Logistic regression showed that only RDW-SD (P = 0.006; odds ratio [OR] = 1.148) and sodium levels (P = 0.012; OR = 1.094) were significantly linked to discharge status, with higher values associated with increased mortality risk [Table 2]. Other variables, including WBC, neutrophils, NLR, RBS, urea, and creatinine, were not significant predictors, though neutrophils and creatinine showed a slight trend toward higher risk. The model explained 19.7% of the variation in discharge outcomes, highlighting RDW-SD as a key hematological predictor of mortality in hemorrhagic stroke patients.
DISCUSSION
This study assessed the predictive value of hematological and biochemical markers in hemorrhagic stroke, focusing on functional outcomes and in-hospital mortality. Routine parameters such as RDW-SD, NLR, and serum sodium, showed significant prognostic potential, which is particularly valuable in regions with limited access to advanced diagnostics, such as East Kalimantan.[12]

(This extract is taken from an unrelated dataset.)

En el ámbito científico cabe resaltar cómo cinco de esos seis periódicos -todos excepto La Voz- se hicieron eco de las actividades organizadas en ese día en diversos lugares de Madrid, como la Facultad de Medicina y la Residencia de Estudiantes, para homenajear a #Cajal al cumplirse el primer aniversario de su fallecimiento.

RDW-SD emerged as the strongest independent predictor, significantly linked to lower Barthel Index scores and higher mortality. This marker reflects red cell size variability associated with inflammation, oxidative stress, and bone marrow activity, factors that may worsen secondary brain injury. Its superior predictive power over the RDW-coefficient of variation is likely because RDW-SD is not normalized to mean corpuscular volume, making it more sensitive to acute changes.[12]

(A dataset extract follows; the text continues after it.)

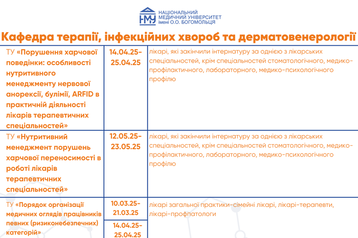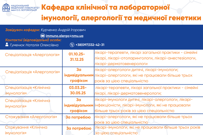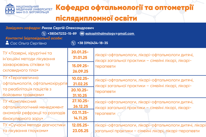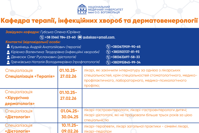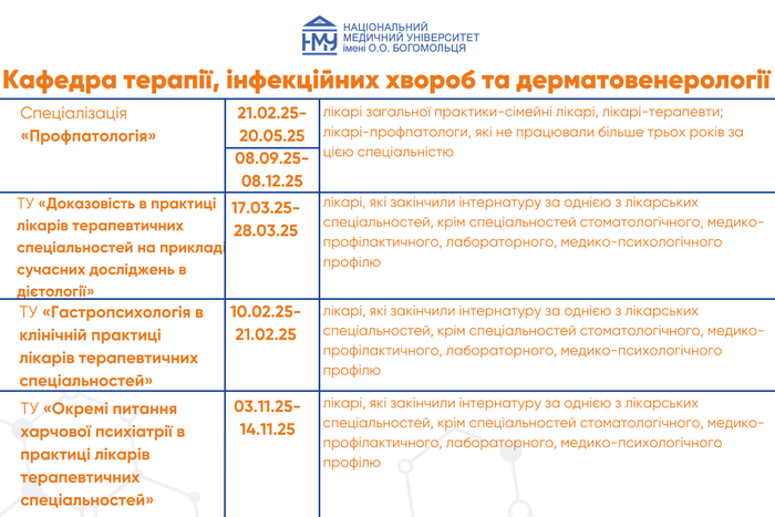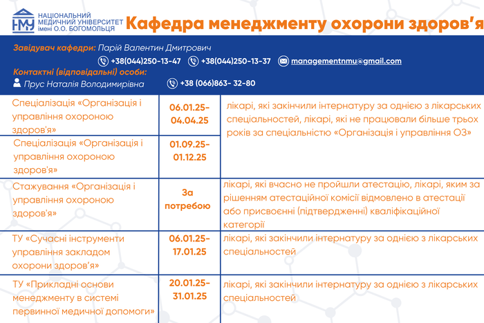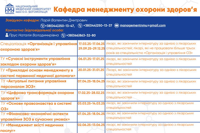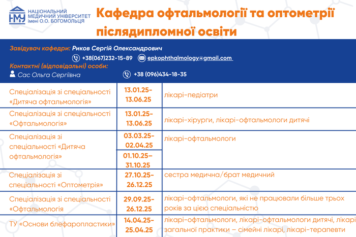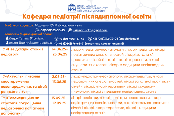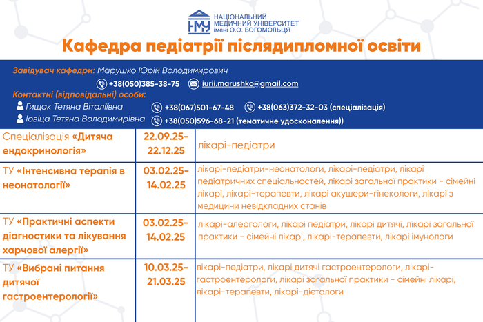 Наказ МОЗ України від 25 липня 2023р № 1347 «Про затвердження Переліку циклів спеціалізації та тематичного удосконалення за лікарськими та фармацевтичними (провізорськими) спеціальностями»: https://zakon.rada.gov.ua/laws/show/z1362-23#Text

NLR also proved important, particularly in predicting mortality, as high levels indicate an imbalance toward innate immune activation and suppressed adaptive immunity, contributing to worse outcomes.[8,13] The decision tree analysis identified that patients with RDW-SD >41.5 and NLR >8.9 faced nearly 46% in-hospital mortality, underscoring their potential as early warning markers.
Serum sodium, often overlooked, was independently associated with mortality, where higher levels indicated worse prognosis, potentially due to hypernatremia-related neuronal damage.[14] Compared to traditional regression models, decision trees like CHAID offer practical, interpretable thresholds for clinical decision-making.[9,15] Our population-based design improves generalizability over studies limited to ICU cohorts.[7,10]

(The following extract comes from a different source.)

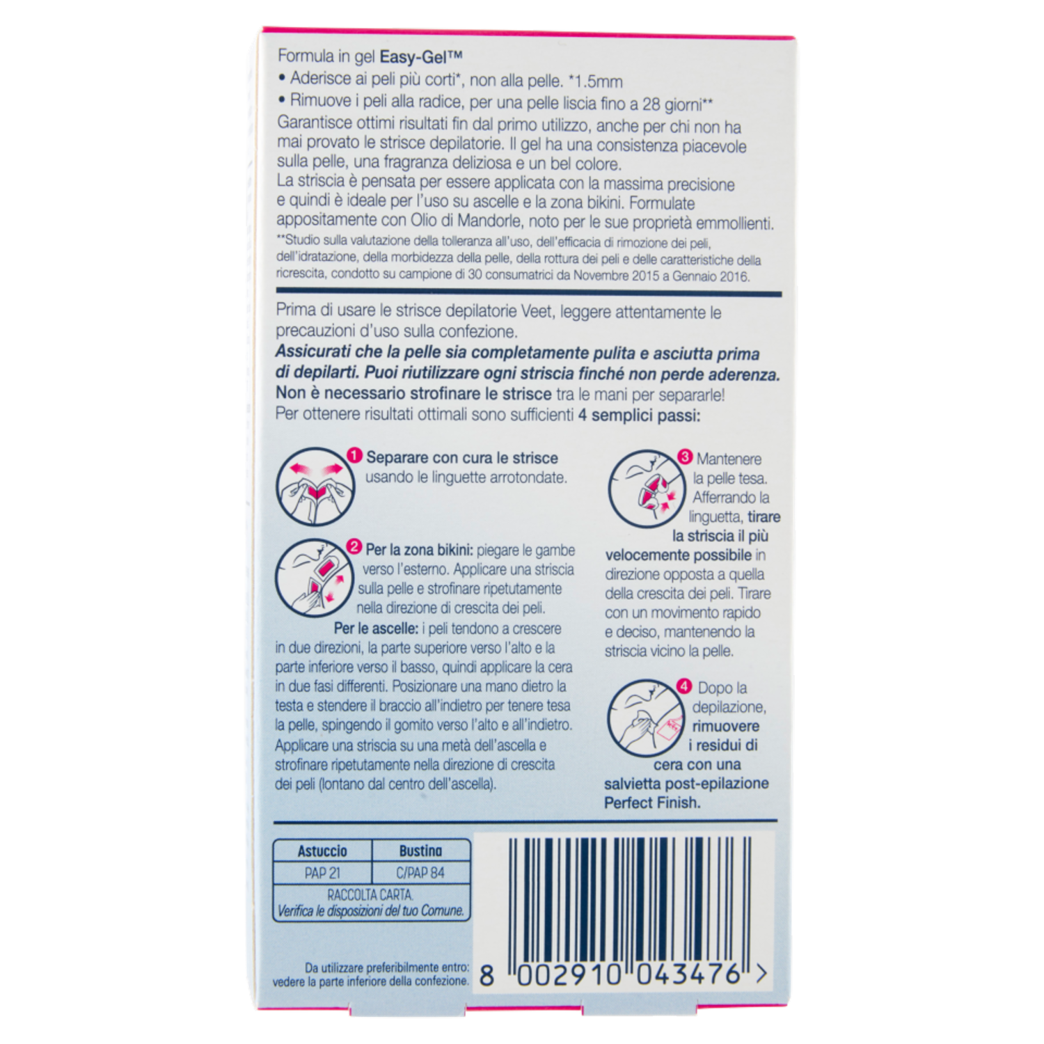 Formula in gel Easy-Gel: - Aderisce ai peli più corti*, non alla pelle. - Rimuove i peli alla radice, per una pelle liscia fino a 28 giorni.** Garantisce ottimi risultati fin dal primo utilizzo, anche per chi non ha mai provato le strisce depilatorie. Inoltre il gel ha una consistenza piacevole sulla pelle, una fragranza deliziosa e un bel colore. Appositamente formulata con Olio di Mandorle e profumo di Fiordaliso, noti per il loro effetto benefico sulla pelle sensibile. *1,5mm **Studio sulla valutazione della tolleranza all'uso, dell'efficacia di rimozione dei peli, dell'idratazione, della morbidezza della pelle, della rottura dei peli e delle caratteristiche della ricrescita, condotto su campione di 30 consumatrici da Novembre 2015 a Gennaio 2016.

Despite the modest variance explained by our models (adjusted R2 of 7.1% for functional outcomes; Nagelkerke R2 of 19.7% for mortality), RDW-SD, NLR, and serum sodium demonstrate significant prognostic value in hemorrhagic stroke. While these markers should not replace comprehensive assessments, they are promising, low-cost tools for early risk stratification, particularly in resource-limited settings. Further research integrating serial measurements, imaging, and machine learning could enhance predictive accuracy.
This study has several limitations that should be acknowledged. First, only three hematological parameters (RDW-SD, NLR, and serum sodium) were included in the primary prognostic analysis. Although these markers were selected based on prior evidence, biological relevance, and consistent availability in our setting, other potentially important clinical and laboratory predictors could not be incorporated due to incomplete documentation. Second, variables such as hematoma volume, ICH score, intraventricular extension, National Institutes of Health Stroke Scale, modified Rankin scale, and metabolic syndrome status were unavailable for a substantial proportion of patients, preventing their inclusion in the regression models. Similarly, inflammatory biomarkers such as C-reactive protein were not routinely measured, limiting our ability to compare RDW-SD and NLR with more established inflammatory indicators.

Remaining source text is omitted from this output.